Please reproduce all of the data below exactly, leaving each picture out.

(Collected data)
------------

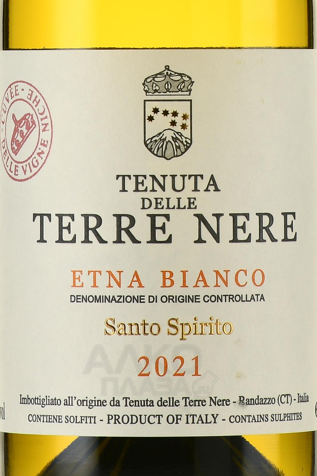 Белое сухое вино Terre Nere Etna Bianco Santo Spirito DOC 0,75 л – купажированная вариация, выпускаемая лимитированными тиражами. Ежегодно в продажу поступает от 4000 до 6000 бутылок этого напитка, созданного из двух популярных сицилийских сортов винограда со светлой кожицей. Урожаи для производства спиртного выращивают на северной стороне вулкана Этна на высоте 700-800 метров над уровнем моря, на вулканических почвах района Санто Спирито в муниципалитете Кастильоне-ди-Сицилия. Предназначенное для ферментации сырье мягко прессуют, а отжатый сок сбраживают при низкой температуре в бочках из французского дуба. Далее следуют этапы малолактического брожения и выдержки. В контакте с древесиной вино созревает на протяжении 9 месяцев.
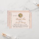 Invitación a la ducha de fiesta de Moda novia hecha en un fondo gráfico de color melocotón de aspecto antiguo. Los gráficos de un overlay blanco semitransparente tienen bordes blancos de estilo antiguo, a ambos lados, y un pequeño cuadro redondo bonito de un recipiente de té decora la parte superior de la carta. Personalice el texto negro y marrón dorado para su evento de fiesta de té nupcial.
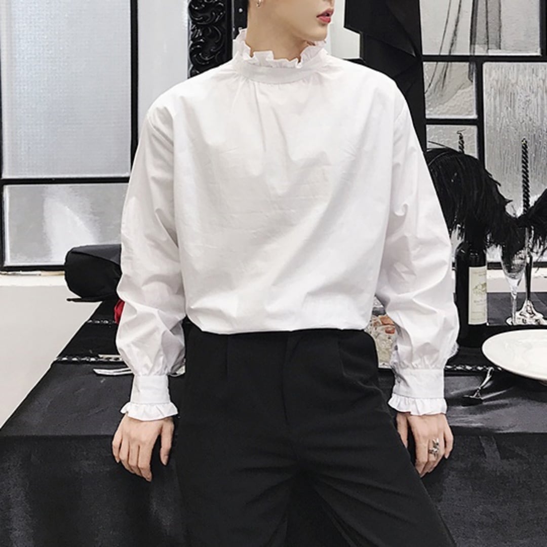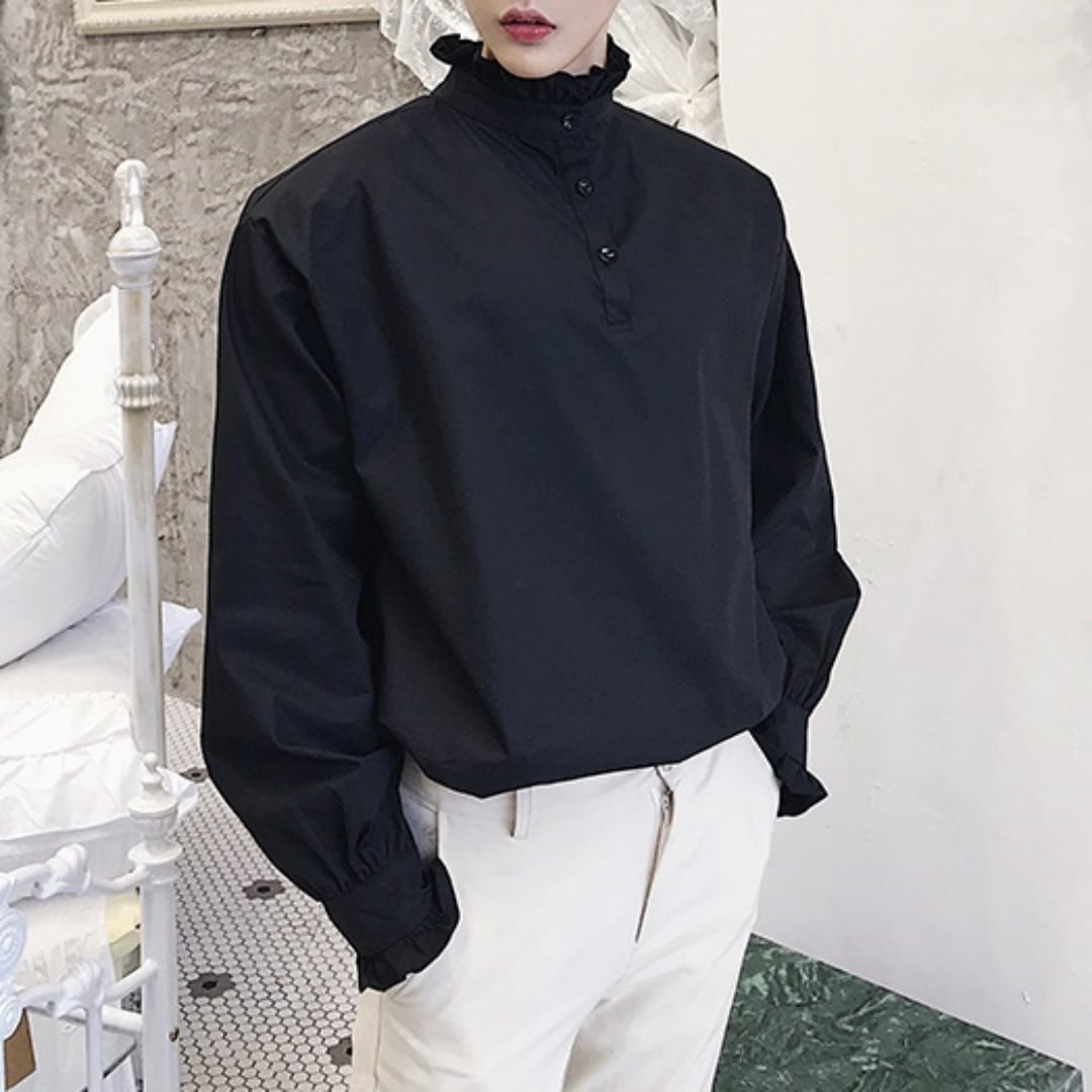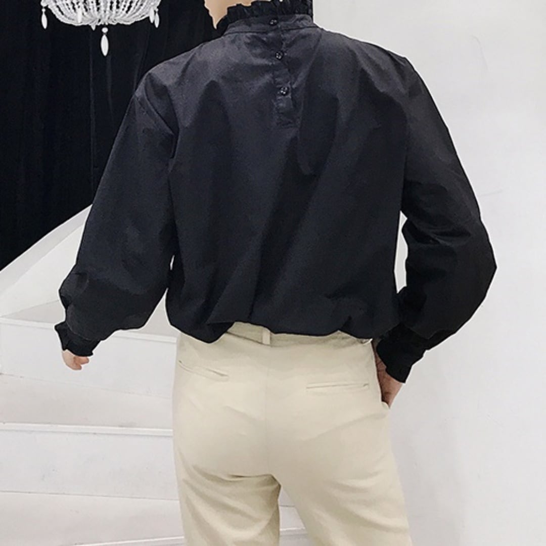 フリルスタンドカラー 長袖プルオーバーシャツ 2カラー D10062
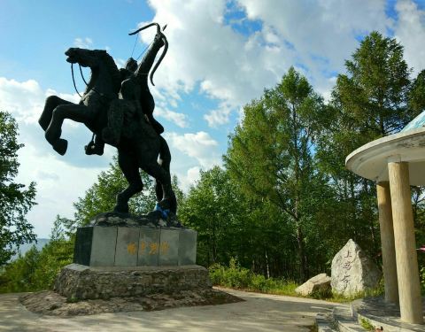 龙山公园位于莫尔道嘎镇东边,有一座山叫龙岩山,依山建成一条直通山顶的木栈道,从而开辟了龙山公园,方便了游人上山观赏风景。山顶有成吉思汗上马的雕像,因为传说蒙古部落就是从这里走出森林走向草原的,莫尔道嘎的蒙古语就意为“出征”的意思。
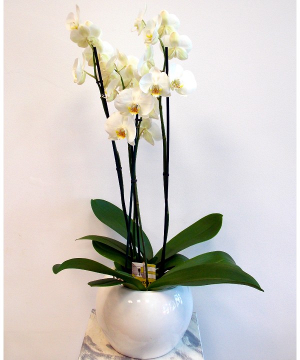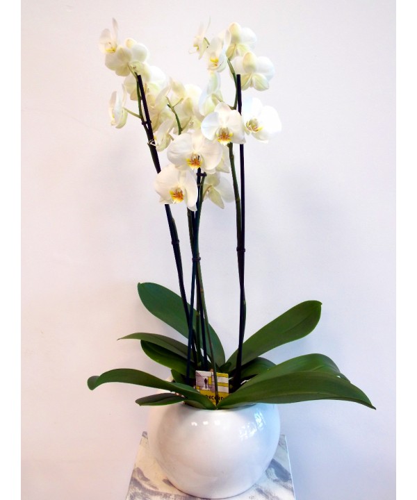 Daruieste un cadou special cu flori rezistente Orhidee Phalaenopsis alba cu 3 tije intr-un vas de ceramica elegant si deosebit. Inaltime aprox. 55-60cm.

------------

### [Result of the exercise]
 Белое сухое вино Terre Nere Etna Bianco Santo Spirito DOC 0,75 л – купажированная вариация, выпускаемая лимитированными тиражами. Ежегодно в продажу поступает от 4000 до 6000 бутылок этого напитка, созданного из двух популярных сицилийских сортов винограда со светлой кожицей. Урожаи для производства спиртного выращивают на северной стороне вулкана Этна на высоте 700-800 метров над уровнем моря, на вулканических почвах района Санто Спирито в муниципалитете Кастильоне-ди-Сицилия. Предназначенное для ферментации сырье мягко прессуют, а отжатый сок сбраживают при низкой температуре в бочках из французского дуба. Далее следуют этапы малолактического брожения и выдержки. В контакте с древесиной вино созревает на протяжении 9 месяцев.
 Invitación a la ducha de fiesta de Moda novia hecha en un fondo gráfico de color melocotón de aspecto antiguo. Los gráficos de un overlay blanco semitransparente tienen bordes blancos de estilo antiguo, a ambos lados, y un pequeño cuadro redondo bonito de un recipiente de té decora la parte superior de la carta. Personalice el texto negro y marrón dorado para su evento de fiesta de té nupcial.
 フリルスタンドカラー 長袖プルオーバーシャツ 2カラー D10062
 龙山公园位于莫尔道嘎镇东边,有一座山叫龙岩山,依山建成一条直通山顶的木栈道,从而开辟了龙山公园,方便了游人上山观赏风景。山顶有成吉思汗上马的雕像,因为传说蒙古部落就是从这里走出森林走向草原的,莫尔道嘎的蒙古语就意为“出征”的意思。
 Daruieste un cadou special cu flori rezistente Orhidee Phalaenopsis alba cu 3 tije intr-un vas de ceramica elegant si deosebit. Inaltime aprox. 55-60cm.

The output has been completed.